- Try it -
Please reproduce the entries below exactly from the line with "One Will Vary)" through their last line, leaving out any pictures.

Records from a data source:

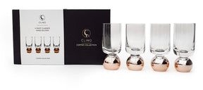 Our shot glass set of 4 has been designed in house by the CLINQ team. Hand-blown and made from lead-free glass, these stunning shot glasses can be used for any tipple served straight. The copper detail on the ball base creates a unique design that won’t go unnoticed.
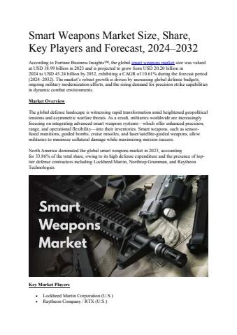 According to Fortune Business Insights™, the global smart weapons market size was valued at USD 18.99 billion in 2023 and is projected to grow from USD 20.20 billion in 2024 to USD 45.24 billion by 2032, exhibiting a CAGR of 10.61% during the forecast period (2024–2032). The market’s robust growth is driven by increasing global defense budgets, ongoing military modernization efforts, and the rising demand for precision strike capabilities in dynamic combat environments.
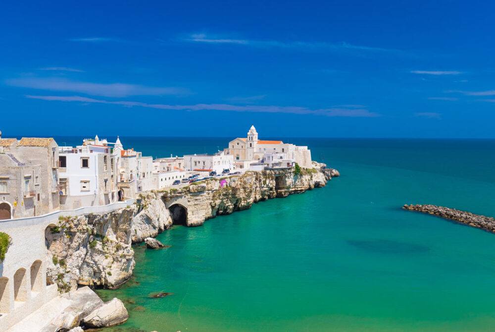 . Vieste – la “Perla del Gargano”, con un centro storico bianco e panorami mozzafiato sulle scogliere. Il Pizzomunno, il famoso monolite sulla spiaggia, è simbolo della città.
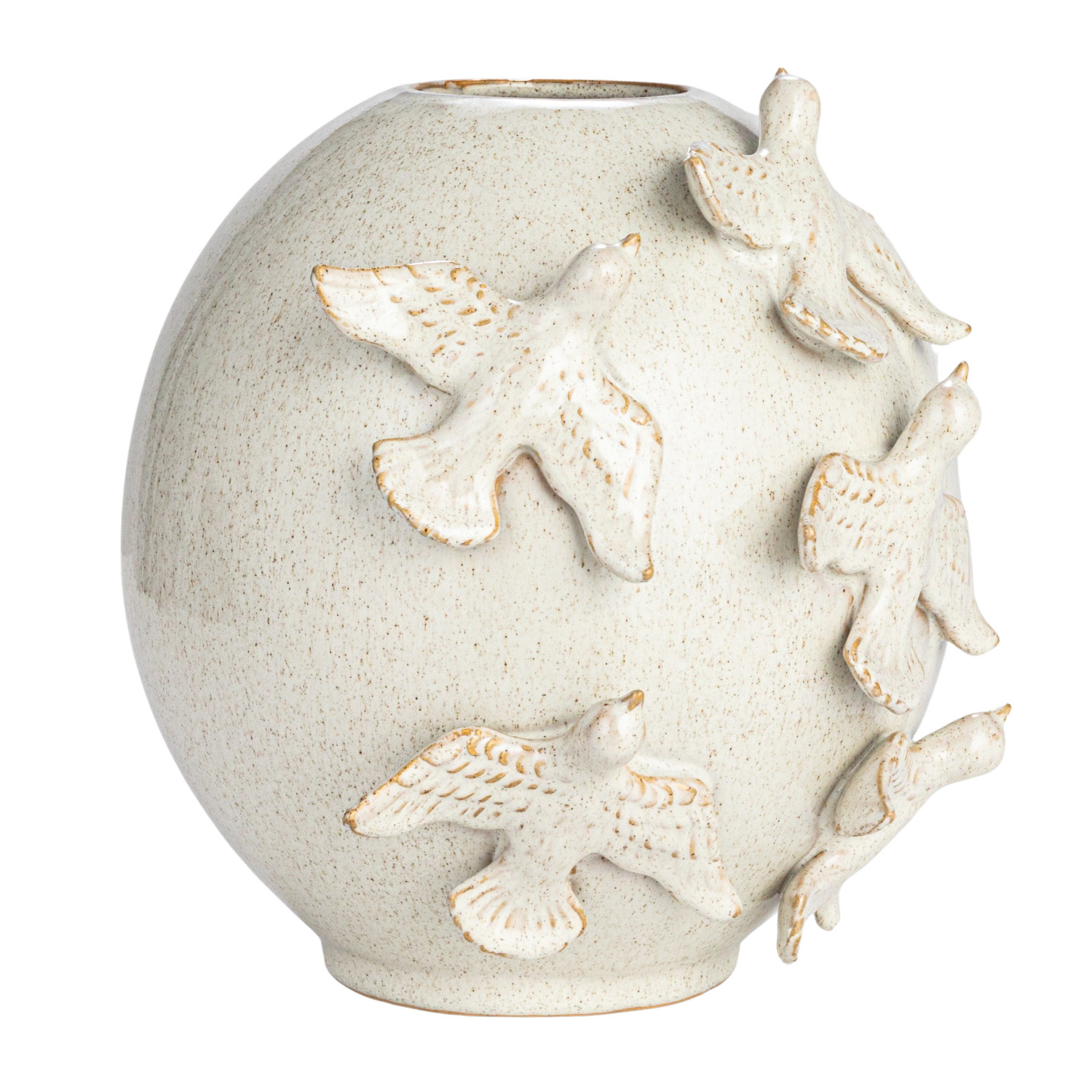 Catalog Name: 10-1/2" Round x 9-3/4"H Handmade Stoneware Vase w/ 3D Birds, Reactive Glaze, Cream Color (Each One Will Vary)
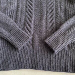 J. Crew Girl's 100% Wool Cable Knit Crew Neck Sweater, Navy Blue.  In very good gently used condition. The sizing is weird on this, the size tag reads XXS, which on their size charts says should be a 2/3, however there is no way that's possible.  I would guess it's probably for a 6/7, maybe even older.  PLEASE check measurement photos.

- Exercise output -
 Catalog Name: 10-1/2" Round x 9-3/4"H Handmade Stoneware Vase w/ 3D Birds, Reactive Glaze, Cream Color (Each One Will Vary)
 J. Crew Girl's 100% Wool Cable Knit Crew Neck Sweater, Navy Blue.  In very good gently used condition. The sizing is weird on this, the size tag reads XXS, which on their size charts says should be a 2/3, however there is no way that's possible.  I would guess it's probably for a 6/7, maybe even older.  PLEASE check measurement photos.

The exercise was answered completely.